Appendix: Content Summaries of Selected Best Papers for the IMIA Yearbook 2016, Section Knowledge Representation and Management
Alonso-Calvo R, Perez-Rey D, Paraiso-Medina S, Clearhout B, Hennebert P, Bucur A
Enabling semantic interoperability in multi-centric clinical trials on breast cancer
Computer Methods Programs Biomed 2015;118:322–9
In this paper, the authors present a standard-based solution to provide a uniform access endpoint to patient data involved in current clinical research. In this work, clinical trials’ data on breast cancer are integrated as RDF triples with respects to medical vocabularies (mainly SNOMEDCT, LOINC for laboratory test and specific Gene Names related to breast cancer).
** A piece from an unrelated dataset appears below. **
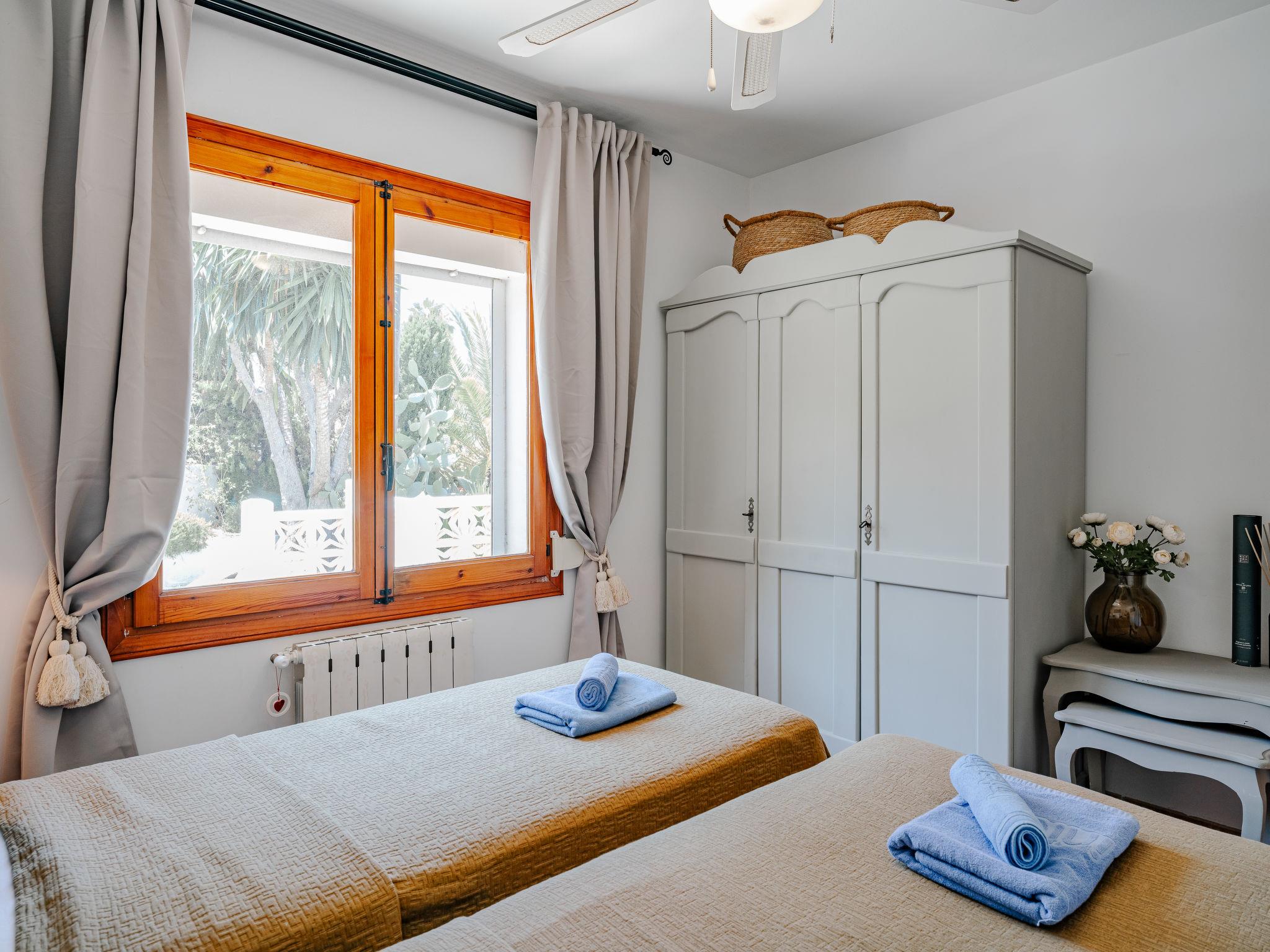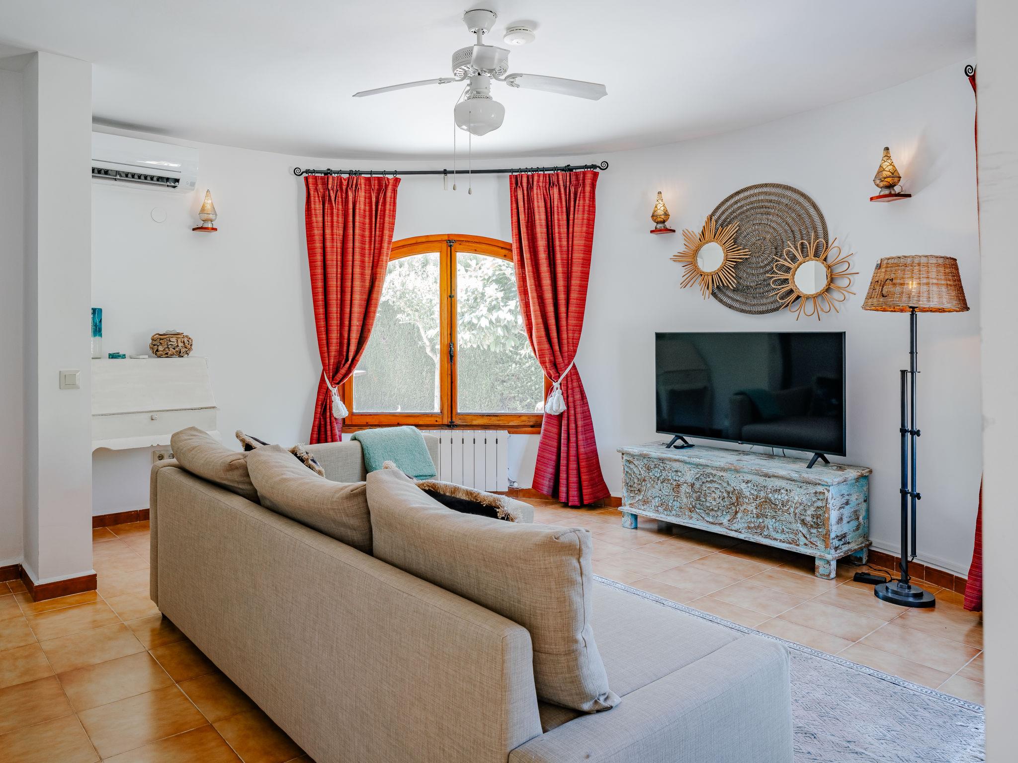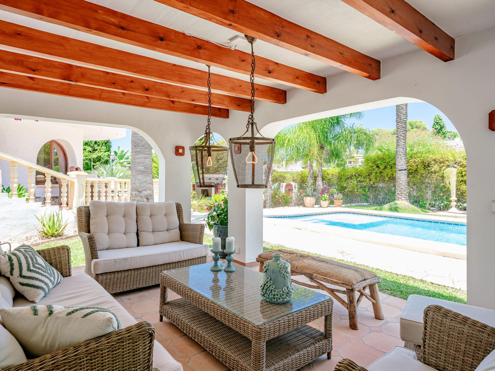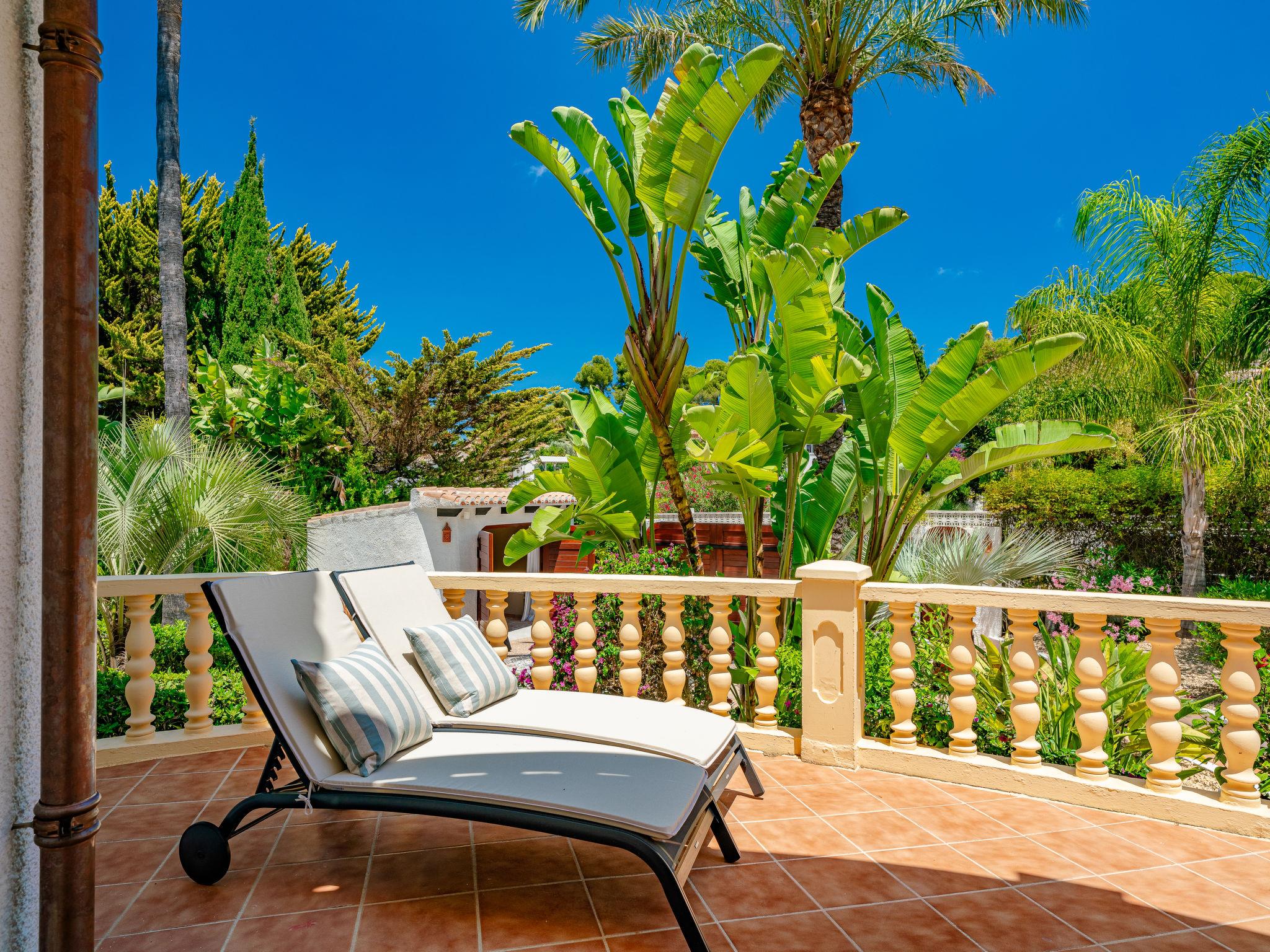Very beautiful, luxurious villa "Charme", 2 storeys, renovated. In the district of Entre Pinos, in a quiet, sunny position, 3 km from the sea, 3 km from the beach. Private: large, beautiful, well-kept terraced garden wildlife garden and trees, swimming pool angular (8 x 4 m, depth 110 - 200 cm, seasonal availability: 01.Jan. - 31.Dec.) with internal staircase. Outdoor shower, patio, pergola, garden furniture, barbecue, parking on the premises. Shop 1.5 km, supermarket 1.5 km, restaurant 1.5 km, bar 1.5 km, bus stop "Toscamar" 1.6 km, sandy beach "El Arenal" 3.5 km. Golf course (9 hole) 8 km, surf school 3.5 km, sailing school 3.5 km, tennis 3.5 km. The owner does not accept any youth groups.

With a specific mechanism where data are recorded in a Common Data Model linked to a Core Dataset, which gives access to semantic models, the SPARQL query language allows to retrieve efficiently the data. To validate their solution, the authors tested different types of queries and developed an end-user tool within a framework that requires efficient retrieval of integrated data. Several prototypes have been deployed and tested for: (i) patient screening, (ii) trial recruitment, and (iii) retrospective analysis. A site with virtual patients is also available for testing and analyzing models and queries.
Chi YL, Chen TY, Tsai WT
A chronic disease dietary consultation system using OWL-based ontologies and semantic rules
J Biomed Inform 2015;53:208–19
The work is developed in the context of chronic kidney disease dietary consultation. The system developed is founded on the Web Ontology Language (OWL) and the Semantic Web Rule Language (SWRL) for knowledge inference. The system development needs to integrate multiple knowledge sources for problem solving modeling and knowledge-based system (KBS) development. The KBS development is conducted with several design elements : problem scenarios, domain ontology, task ontology and semantic rules. A set of 84 real case patients was used to evaluate the system in recommending appropriate food serving amounts from different food groups for balanced key nutrient ingestion. This paper is interesting for precision descriptions, particularly dietary rules coded in SWRL.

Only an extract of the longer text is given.